Items from a dataset
--------------------------------------------------

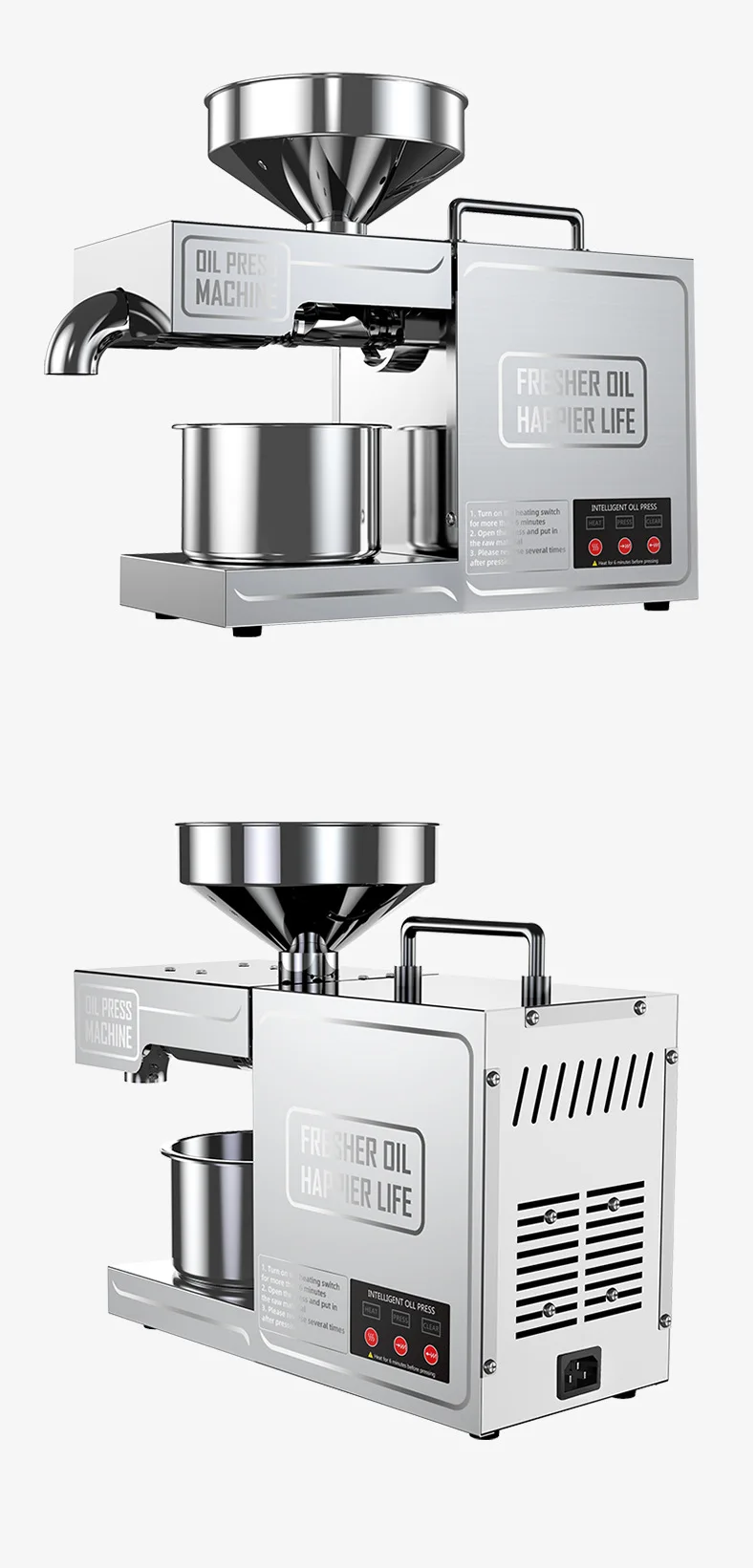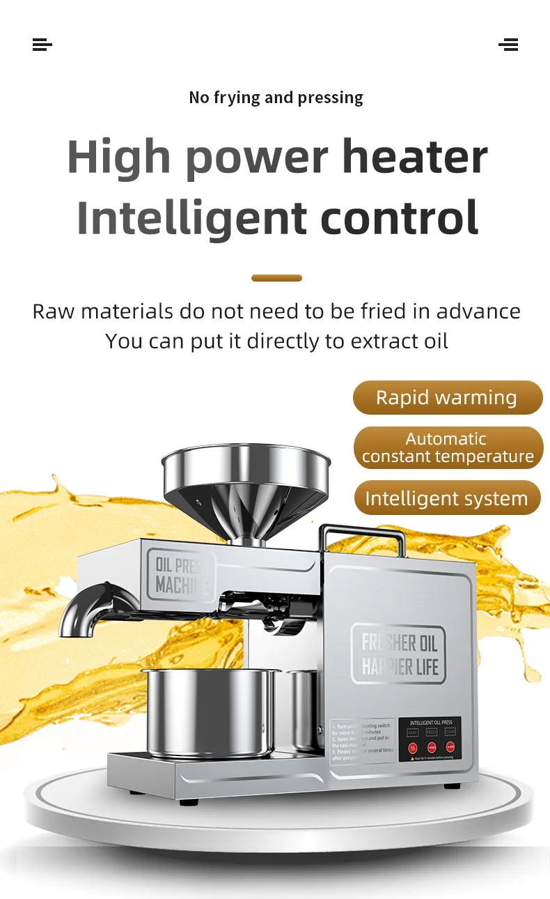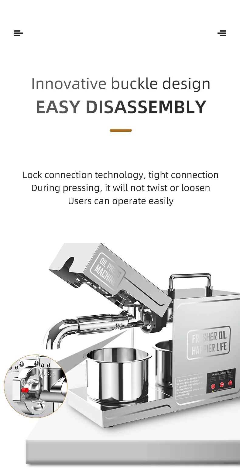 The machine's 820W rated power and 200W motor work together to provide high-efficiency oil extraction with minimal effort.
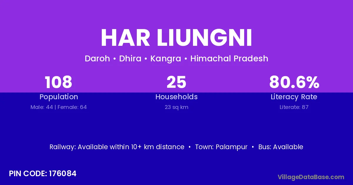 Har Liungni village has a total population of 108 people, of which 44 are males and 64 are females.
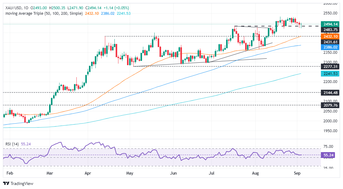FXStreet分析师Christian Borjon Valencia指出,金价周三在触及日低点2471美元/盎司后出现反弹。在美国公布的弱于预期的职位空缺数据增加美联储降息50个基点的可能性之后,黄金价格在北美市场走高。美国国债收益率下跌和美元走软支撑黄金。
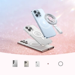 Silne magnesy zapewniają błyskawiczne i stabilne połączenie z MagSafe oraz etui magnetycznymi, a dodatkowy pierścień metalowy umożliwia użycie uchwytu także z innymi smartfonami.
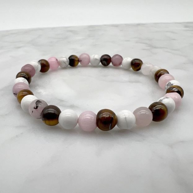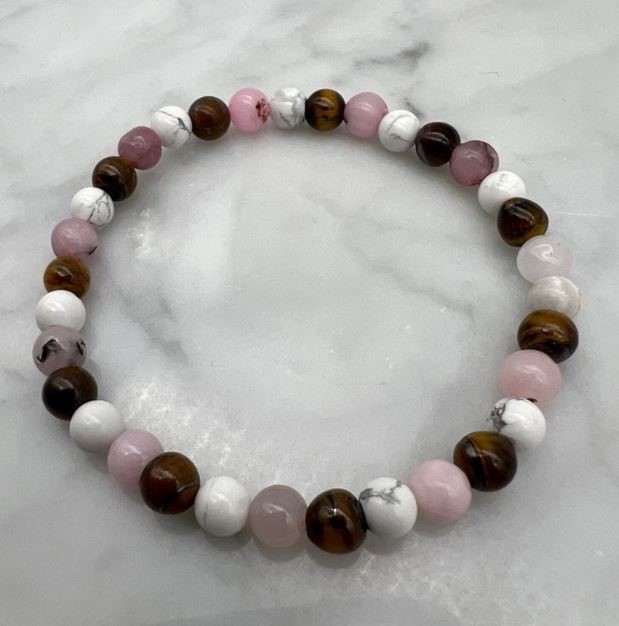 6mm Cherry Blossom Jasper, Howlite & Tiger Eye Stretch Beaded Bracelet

--------------------------------------------------

Task to complete
Leaving the pictures out, transcribe the entries above exactly as written.

Your response
 The machine's 820W rated power and 200W motor work together to provide high-efficiency oil extraction with minimal effort.
 Har Liungni village has a total population of 108 people, of which 44 are males and 64 are females.
FXStreet分析师Christian Borjon Valencia指出,金价周三在触及日低点2471美元/盎司后出现反弹。在美国公布的弱于预期的职位空缺数据增加美联储降息50个基点的可能性之后,黄金价格在北美市场走高。美国国债收益率下跌和美元走软支撑黄金。
 Silne magnesy zapewniają błyskawiczne i stabilne połączenie z MagSafe oraz etui magnetycznymi, a dodatkowy pierścień metalowy umożliwia użycie uchwytu także z innymi smartfonami.
 6mm Cherry Blossom Jasper, Howlite & Tiger Eye Stretch Beaded Bracelet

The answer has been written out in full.